►
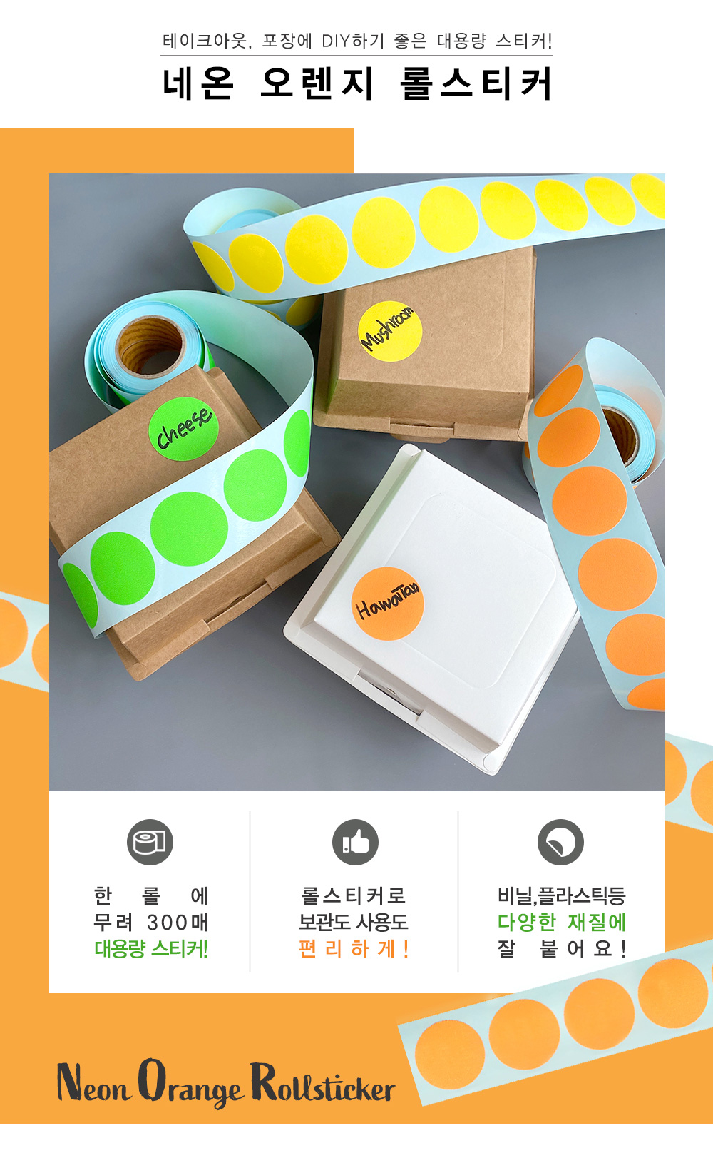 | 상품명: 네온 오렌지 롤스티커 형태: 롤스티커 재질: 모조지 수량: 1롤/300매입 규격: 가로35*세로35mm 톡톡! 튀는 시원한 네온 색감으로 포인트 주기 좋으며 보관과 사용이 편한 롤 타입입니다. 300매 대용량으로 오래 사용하실 수 있어요! 모조지로 종이 질감이 살아있어 자연스러운 연출! 네임펜으로 간단한 메모 가능! 박스, 종이, 비닐 어디든 잘 붙어 베이커리, 카페, 선물포장 등 포인트 스티커로 다양하게 사용하실 수 있습니다. 원하는 색상과 디자인을 선택해 두 개 이상 함께 사용해도 좋습니다. - ★대용량 구매는 www.소행섬.com |
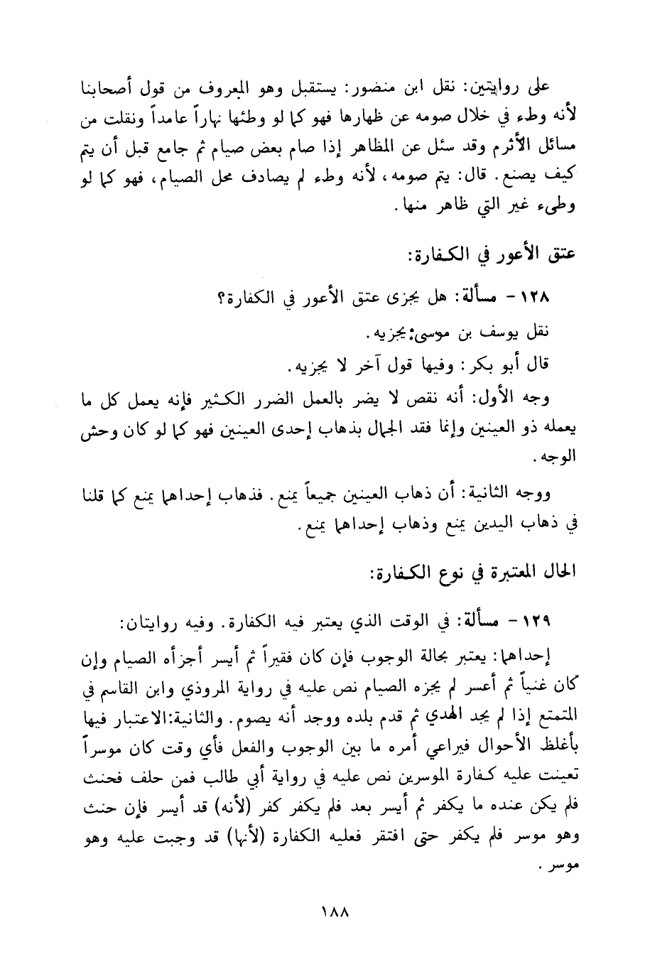 128 - مسألة: هل يجزى عتق الأعور في الكفارة؟
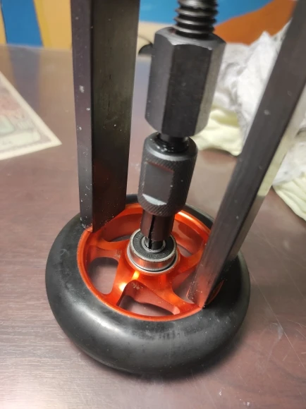 отвратительное качество. выжал два прома из не проблемного колеса самоката и уже на металле буртик, геометрия цанги нарушена. с тяжёлым случаем не справится точно да и , вероятно, с таким качеством лопнет на следующей выпресовке. есть аналогичный инструмент licota, выглядит так же, стоит в пять раз дороже, работает в 88 раз лучше. этот не советую, трата денег
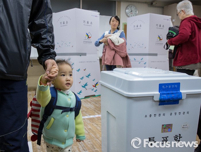 (부산=포커스뉴스) 제20대 국회의원선거일인 13일 오전 부산 영도구 동삼1동 제6투표소에서 한 어린이가 투표함을 바라보고 있다.
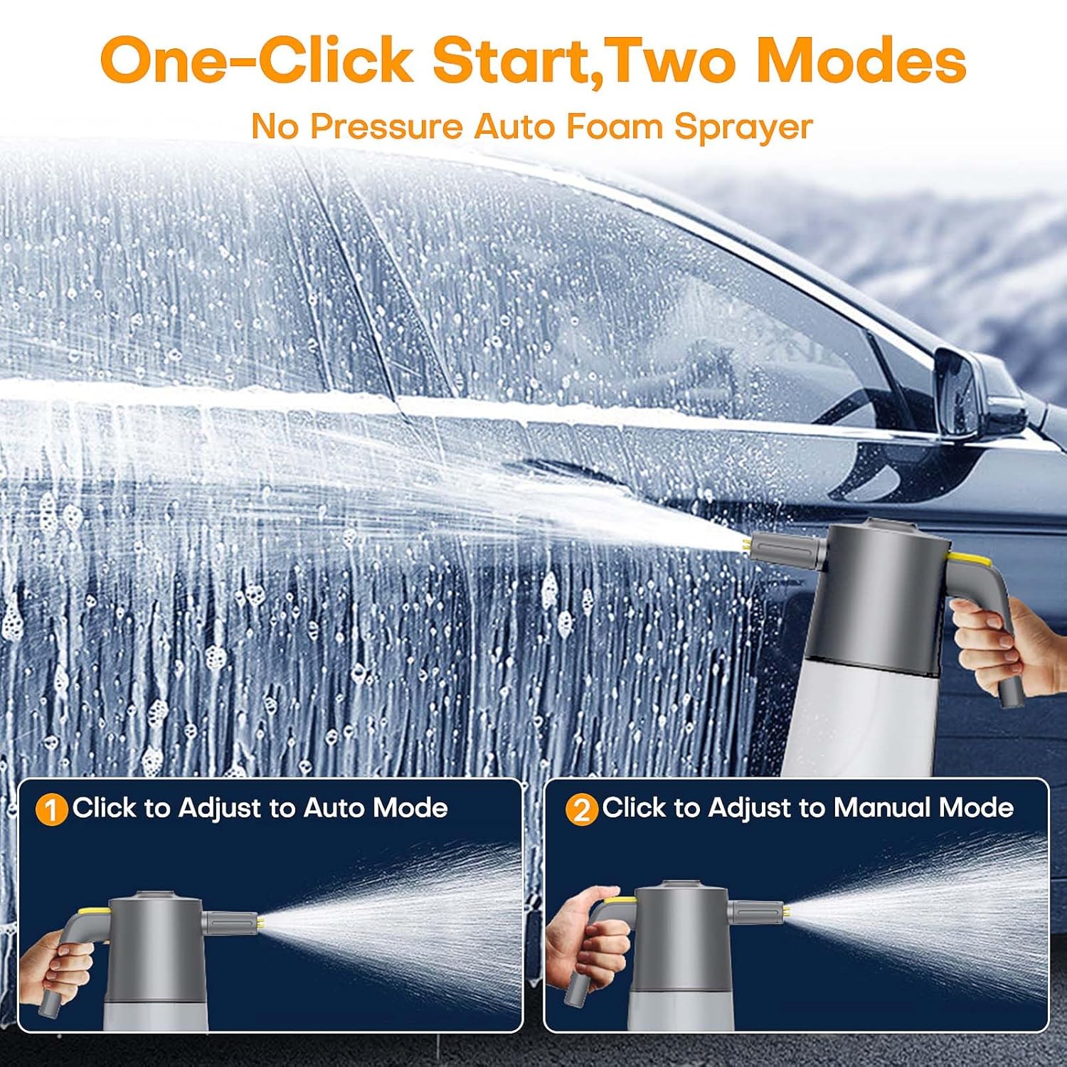 I have used a handful of manual and other types of sprayers in hopes of finding a fast and simple alternative to hauling out a full-fledged pressure washer and foam cannon every time I want to wash my car. Foam cannons work great and I enjoy using them. However, I have not had much luck with manual sprayers, or the kind that connect directly to the hose. This electric sprayer absolutely surprised me. My hopes were not incredibly high but I thought I might as well give it a shot. This is the ONE hand held sprayer that creates thick, shaving-cream-like foam on the same level as an actual foam cannon. Obviously the volume is not the same, but that should be expected from such a compact option. I tried it with multiple different kinds of foaming car soap and they all produced exceptionally good results. The battery lasts a long time. The sprayer is easy to operate. I would absolutely recommend this option for someone who wants something a little more user friendly than a classic pressure washer and foam cannon. If you’re limited on space to wash your car, but still want to take good care of your baby, this is the one for you. If you don’t have unrealistic expectations, this is a purchase you won’t regret.
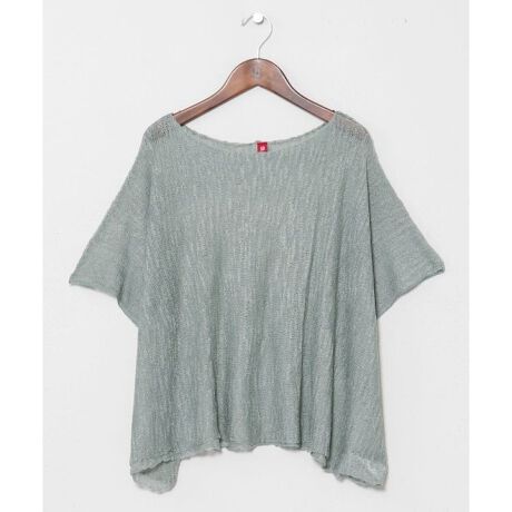 風を感じるネップニットのポンチョ型トップス。程よい透け感で暑い日も涼しく快適に着用可能。ノースリーブとの重ね着にぴったりで、軽やかなレイヤードスタイルが楽しめます。
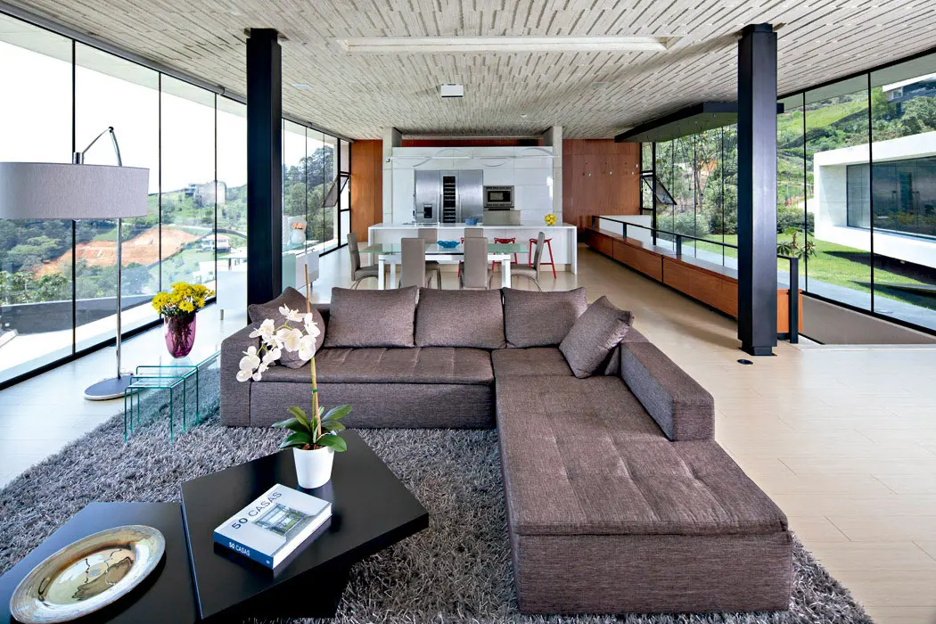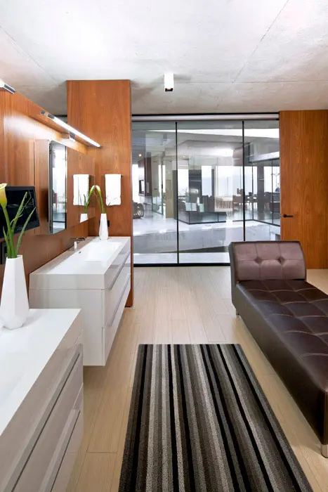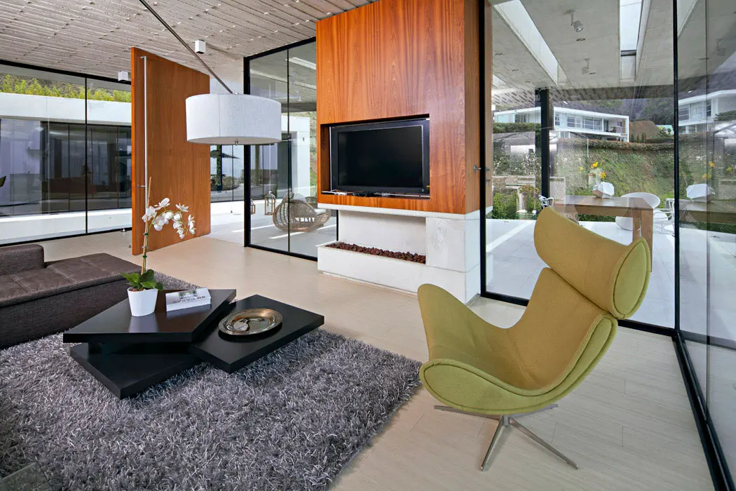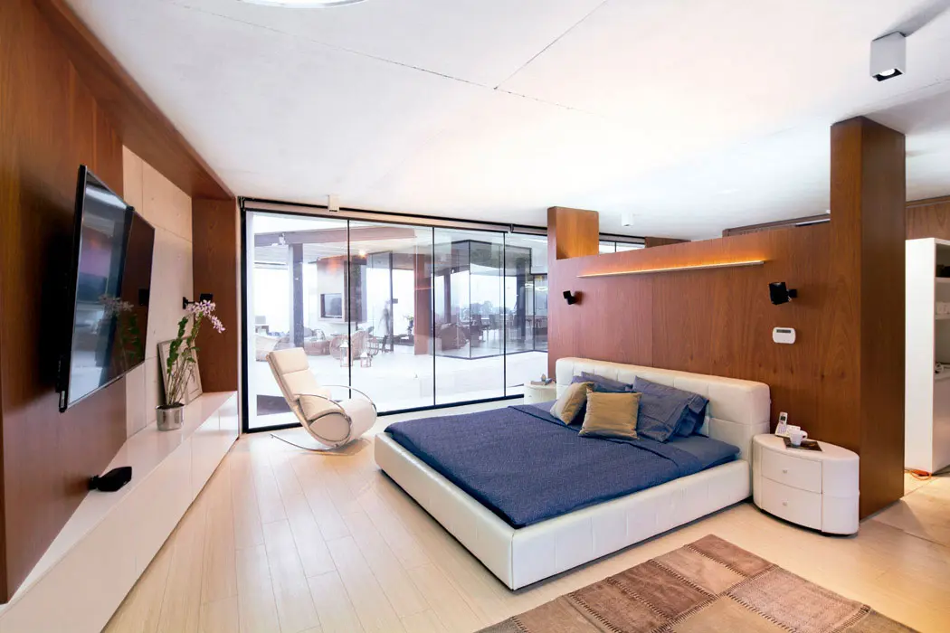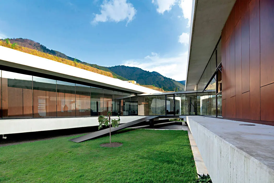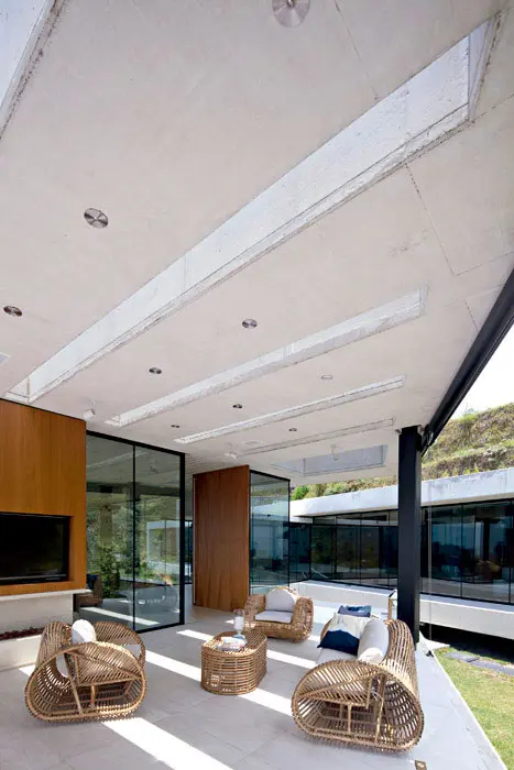 Entradas de luz en la cubierta plana marcan sutilmente la transición entre los ambientes. Un corredor de vidrio pasa sobre el espejo de agua del patio abierto al paisaje para llegar al volumen posterior, donde están las habitaciones de los niños, aisladas de la alcoba principal por medio de un estudio, que se puede habilitar como un dormitorio para huéspedes.
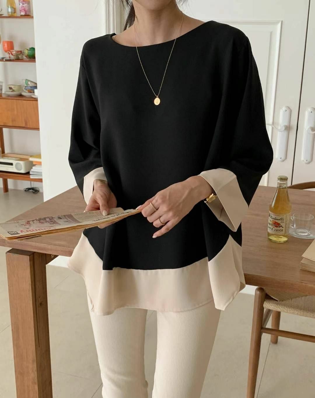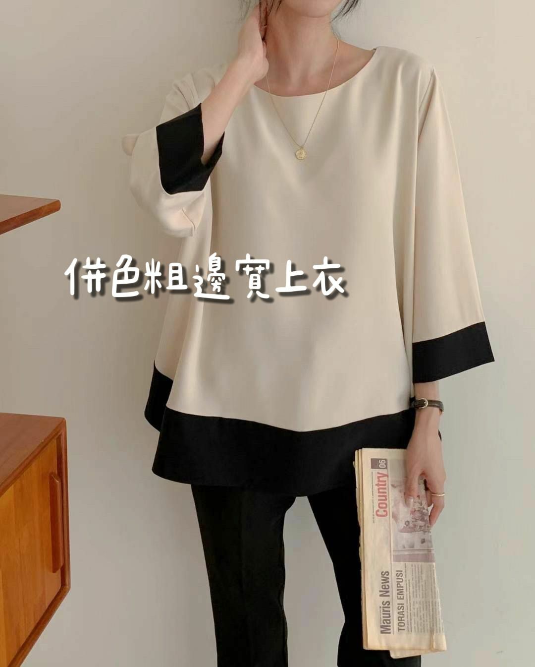全部商品 / TOP#14119 🤎併色粗邊寛上衣
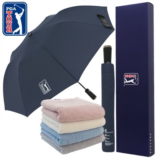 • PGA 친환경그린 2단자동 우산+200g코마사타올세트
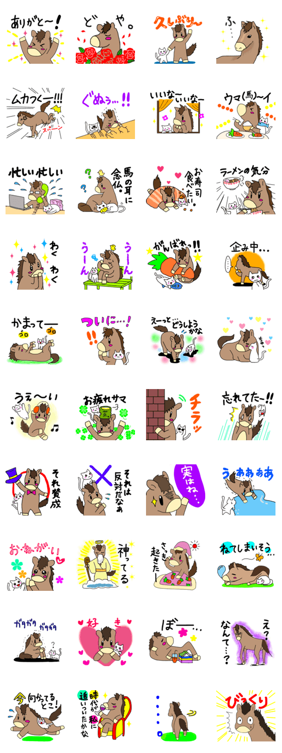 | スタンプ説明 | 仲良しな馬と猫のスタンプです。日々の感情を可愛く、時には鋭く伝えます。 |
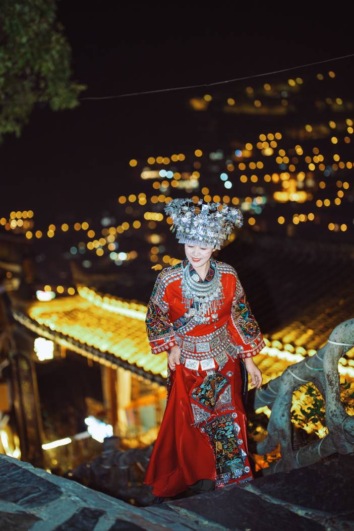 夜晚的西江是顶漂亮的,万千灯火之下像极了宫琦骏的千与千寻。在如此美妙的世界里,怎么么可以不来上一组美美的旅拍大片呢?注:旅拍属自拍顶目,西江苗寨内有特别多的旅拍点,价格从99-599不等,大家根据自己的需求购买;
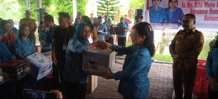 Tak luput Ketua TP PKK Kabupaten Bolmong Iryanti Suleha Mokodompit Uswanas, S.Sos, mengapresiasi bantuan yang diberikan oleh Ketua TP PKK Provinsi Sulut Ir. Rita Maya Dondokambey Tamuntuan, terutama dalam bentuk bantuan alat dapur yang diserahkan kepada pengurus TP-PKK Kecamatan dan Desa.
◄
Without the pictures, write out all of the material exactly.

- [EXERCISE ANSWER]
 | 상품명: 네온 오렌지 롤스티커 형태: 롤스티커 재질: 모조지 수량: 1롤/300매입 규격: 가로35*세로35mm 톡톡! 튀는 시원한 네온 색감으로 포인트 주기 좋으며 보관과 사용이 편한 롤 타입입니다. 300매 대용량으로 오래 사용하실 수 있어요! 모조지로 종이 질감이 살아있어 자연스러운 연출! 네임펜으로 간단한 메모 가능! 박스, 종이, 비닐 어디든 잘 붙어 베이커리, 카페, 선물포장 등 포인트 스티커로 다양하게 사용하실 수 있습니다. 원하는 색상과 디자인을 선택해 두 개 이상 함께 사용해도 좋습니다. - ★대용량 구매는 www.소행섬.com |
 128 - مسألة: هل يجزى عتق الأعور في الكفارة؟
 отвратительное качество. выжал два прома из не проблемного колеса самоката и уже на металле буртик, геометрия цанги нарушена. с тяжёлым случаем не справится точно да и , вероятно, с таким качеством лопнет на следующей выпресовке. есть аналогичный инструмент licota, выглядит так же, стоит в пять раз дороже, работает в 88 раз лучше. этот не советую, трата денег
 (부산=포커스뉴스) 제20대 국회의원선거일인 13일 오전 부산 영도구 동삼1동 제6투표소에서 한 어린이가 투표함을 바라보고 있다.
 I have used a handful of manual and other types of sprayers in hopes of finding a fast and simple alternative to hauling out a full-fledged pressure washer and foam cannon every time I want to wash my car. Foam cannons work great and I enjoy using them. However, I have not had much luck with manual sprayers, or the kind that connect directly to the hose. This electric sprayer absolutely surprised me. My hopes were not incredibly high but I thought I might as well give it a shot. This is the ONE hand held sprayer that creates thick, shaving-cream-like foam on the same level as an actual foam cannon. Obviously the volume is not the same, but that should be expected from such a compact option. I tried it with multiple different kinds of foaming car soap and they all produced exceptionally good results. The battery lasts a long time. The sprayer is easy to operate. I would absolutely recommend this option for someone who wants something a little more user friendly than a classic pressure washer and foam cannon. If you’re limited on space to wash your car, but still want to take good care of your baby, this is the one for you. If you don’t have unrealistic expectations, this is a purchase you won’t regret.
 風を感じるネップニットのポンチョ型トップス。程よい透け感で暑い日も涼しく快適に着用可能。ノースリーブとの重ね着にぴったりで、軽やかなレイヤードスタイルが楽しめます。
 Entradas de luz en la cubierta plana marcan sutilmente la transición entre los ambientes. Un corredor de vidrio pasa sobre el espejo de agua del patio abierto al paisaje para llegar al volumen posterior, donde están las habitaciones de los niños, aisladas de la alcoba principal por medio de un estudio, que se puede habilitar como un dormitorio para huéspedes.
全部商品 / TOP#14119 🤎併色粗邊寛上衣
 • PGA 친환경그린 2단자동 우산+200g코마사타올세트
 | スタンプ説明 | 仲良しな馬と猫のスタンプです。日々の感情を可愛く、時には鋭く伝えます。 |
 夜晚的西江是顶漂亮的,万千灯火之下像极了宫琦骏的千与千寻。在如此美妙的世界里,怎么么可以不来上一组美美的旅拍大片呢?注:旅拍属自拍顶目,西江苗寨内有特别多的旅拍点,价格从99-599不等,大家根据自己的需求购买;
 Tak luput Ketua TP PKK Kabupaten Bolmong Iryanti Suleha Mokodompit Uswanas, S.Sos, mengapresiasi bantuan yang diberikan oleh Ketua TP PKK Provinsi Sulut Ir. Rita Maya Dondokambey Tamuntuan, terutama dalam bentuk bantuan alat dapur yang diserahkan kepada pengurus TP-PKK Kecamatan dan Desa.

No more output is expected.